Stanford Researchers Release AgentFlow: In the Flow Reinforcement RL For Modular, Tool Using AI Agents

TL;DR: AgentFlow is a trainable agent framework with four modules—Planner, Executor, Verifier, Generator—coordinated by an explicit memory and toolset. The planner is optimised The loop A new method of policy formulation is available. Flow-GRPOThe, which applies KL regularization with group-normalized benefits and broadcasts an outcome-level reward at every turn. On ten benchmarks a tuned 7B with Flow GRPO reported +14.9% for search (search), +14.0% for agency (agenttic), +14.5% for math (math), plus +4.1% in science (science).

What is AgentFlow?

AgentFlow formalizes tool-integrated multi-turn reasoning into a Markov Decision Process. The MDP is applied at each step. Plan The sub-goal is selected and the tool chosen, plus the context. Executor The tool is called the Verifier If you continue, the signal will indicate whether you should. Generator It emits a final answer at the end. An evolving, structured memory stores states, verification signals, and tool calls. This constrains context growth, while making the trajectories auditable. The planner can only be trained. Other modules may have fixed engines.
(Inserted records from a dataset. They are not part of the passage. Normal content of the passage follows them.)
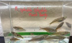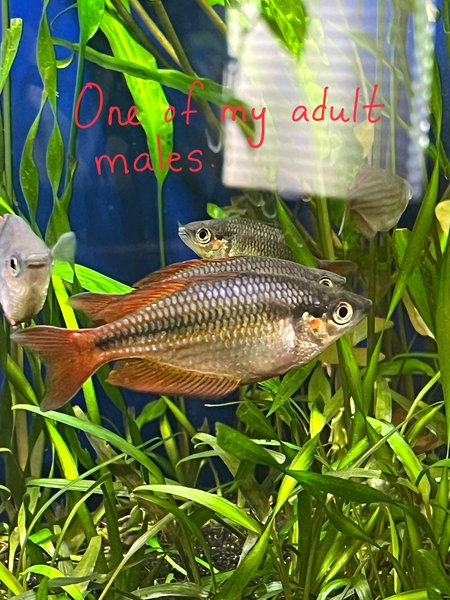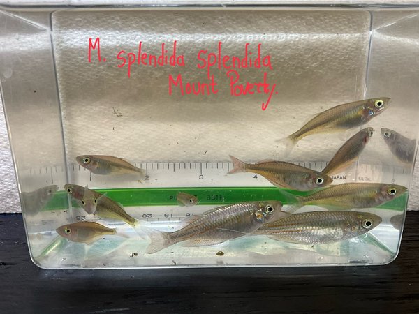 Melanotaenia splendida splendida " Mount Poverty " is a pretty and very hard to find rainbowfish. This is a BAP program donation. The donation will be three pair of young fish. The two lots in the auction are the only ones I have to sell. My only remaining fish of this species is an adult breeding group of eight that is on display in my dining room planted tank and I have no plans to breed them again.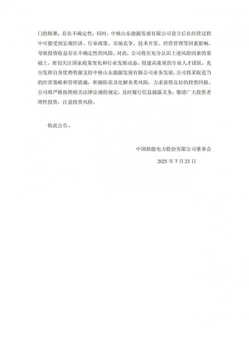 光伏头条获悉,7月22日晚间,中国核能电力股份有限公司发布关于设立中核山东能源发展有限公司的公告。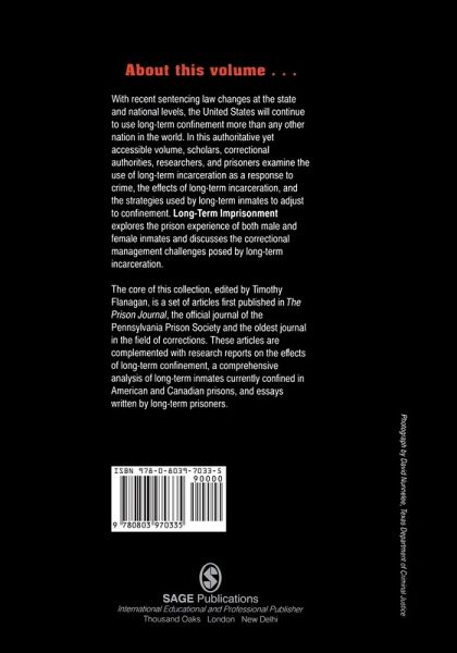 Foreword - Norman A Carlson Preface - Timothy J Flanagan PART ONE: PERSPECTIVES ON LONG-TERM IMPRISONMENT Long-Term Incarceration - Timothy J Flanagan Issues of Science, Policy and Correctional Practice An American Portrait of Long-Term Imprisonment - Timothy J Flanagan Long-Term Offenders in Canada - John R Weekes PART TWO: LONG-TERM PRISONERS ON LONG-TERM IMPRISONMENT The Long-Termers - Ronald Wikberg and Burk Foster Louisianäs Longest Serving Inmates and Why They

Public implementation is based on a modular kit (e.g. base_generator, python_coder, google_search, wikipedia_search, web_searchThe repository is MIT-licensed. This repository has an MIT license.

https://arxiv.org/pdf/2510.05592

Training Method: Flow-GRPO

The Flow-GRPO is a group-based policy optimization based on flow. Converts sparse reward, long-horizon optimization into tractable one-turn updates

Reward broadcast for final outcome: A single and verifiable signal of trajectory level (LLM as judge correctness) will be assigned. Every TurnAchieving global success requires aligning local and regional planning.
The clipped target at token level: To prevent drift, importance-weighted rates are calculated per token. A PPO clipping style and KL penalties to the reference policy is used.
Group-normalized advantages: Stabilizing updates through variance reduction in groups of policy rollouts.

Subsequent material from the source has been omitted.